Dr Eva shared some powerful, contrasting stories of how occupational therapists saw two very different  patients “Gill” and “Eddie”, highlighting how someone’s story is not just an account of events, it is also about how other people receive or view  it.

 For example, Gill was highly organised and a good problem-solver which influenced care staff to view her as very capable, while with Eddie there was a tension between his view of himself and theirs. Staff rejected Eddie’s account of himself and his capability so that when he went home from hospital he rejected further support.

Dr Eva emphasises the importance of “listening generously” for care professionals. She urged them to ask themselves key questions to inform their approach to patients such as: “what is important to the patient? What is possible? What are my assumptions about what is possible?. What is the person saying about their sense of themselves?”.

She said it was vital to focus on what mattered to the patient and what it represented to them to enable people’s participation in achieving their goals.

Dr Eva noted that hospices were excellent at ensuring dignity in care, providing personalised care with continuity and generally focusing on living well. However, she observed that sometimes they were too focused on patients as “recipients of care” and needed to do more to help develop people's strengths and what they could do, so they  could live “fulfilled lives”.
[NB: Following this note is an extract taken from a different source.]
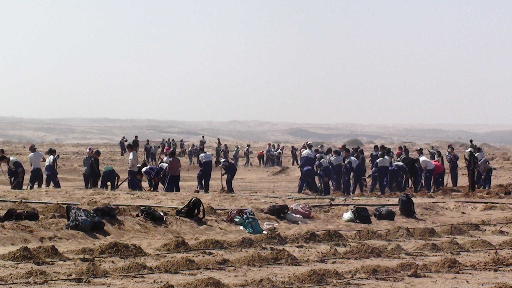第二天,同学们准备好干粮,带好铁锹踏上去红崖子植树的路。经过两个小时漫长的路程我们终于到了目的地。刚一下车同学们的热情就一扫而光,看着一眼看不到边的沙漠没有一棵树,“这里种树能活吗?”“这么多荒地啊”“我们的干几天才可以把这里都中上树啊?”“这里没有水,种树不是白种吗?”“谁来管理这些树呢?”同学们七嘴八舌的议论。

“The question we need to ask isn’t what’s the matter with you?- but rather what matters to you?”, she said, noting that care in general needed to match patients’ goals and aspirations.
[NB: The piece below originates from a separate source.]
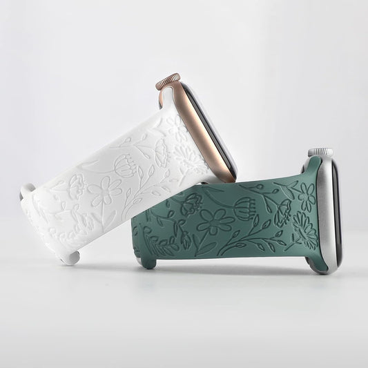 2 Pack Flower Engraved Sport Strap Compatible with Apple Watch Bands 38Mm 40Mm 41Mm, Women Floral Laser Soft Silicone Wristband Replacement Iwatch Series 10 9 8 7 6 5 4 3 2 1 SE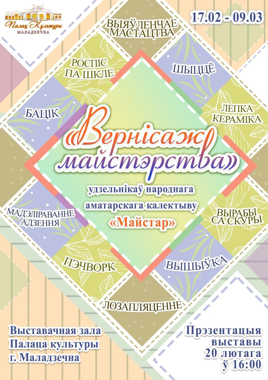 17.02.2025Дворец культуры г.Молодечно приглашает окунуться в мир вдохновения и творчества, созданный талантливыми мастерами народного любительского коллектива «Майстар», и посетить «Вернісаж майстэрства»!

“The most valuable outcome for rehabilitative palliative care might be possibilities or feasibilities, rather than specific achievements.”.
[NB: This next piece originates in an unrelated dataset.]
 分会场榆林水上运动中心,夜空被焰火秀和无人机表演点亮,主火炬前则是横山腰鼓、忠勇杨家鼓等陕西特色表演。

In the afternoon delegates at the conference were treated to a preview of the uplifting and very moving Christmas single by the London Hospices Choir single with their cover of “The Living Years,” lead by Paul Carrack from Mike + The Mechanics, who was also lead vocalist on the original 1991 hit.

During the closing session of the conference, Mark Fisher, CBE, Director of the Office for Civil Society and Innovation at the Cabinet Office, spoke about hospice volunteering supported by the End of Life Social Action Fund.

The fund - which has since ended - supported volunteer-based social action projects to improve the experience for people at end of life and their families.

Several hospices were involved including St Joseph’s in east London, Peace Hospice in Watford and St Michaels’s in Harrogate whose volunteers offered varied support including befriending, respite for carers and practical support.  

An evaluation of the end of life social action fund was published earlier this month.

Mr Fisher praised the work of hospice volunteers, saying they helped improve quality of life for dying people and described  the type of volunteering supported by the fund as “transformational for the system as a whole, as well as for the person doing the caring.”    

Copies of the conference presentations are available on the Hospice UK website.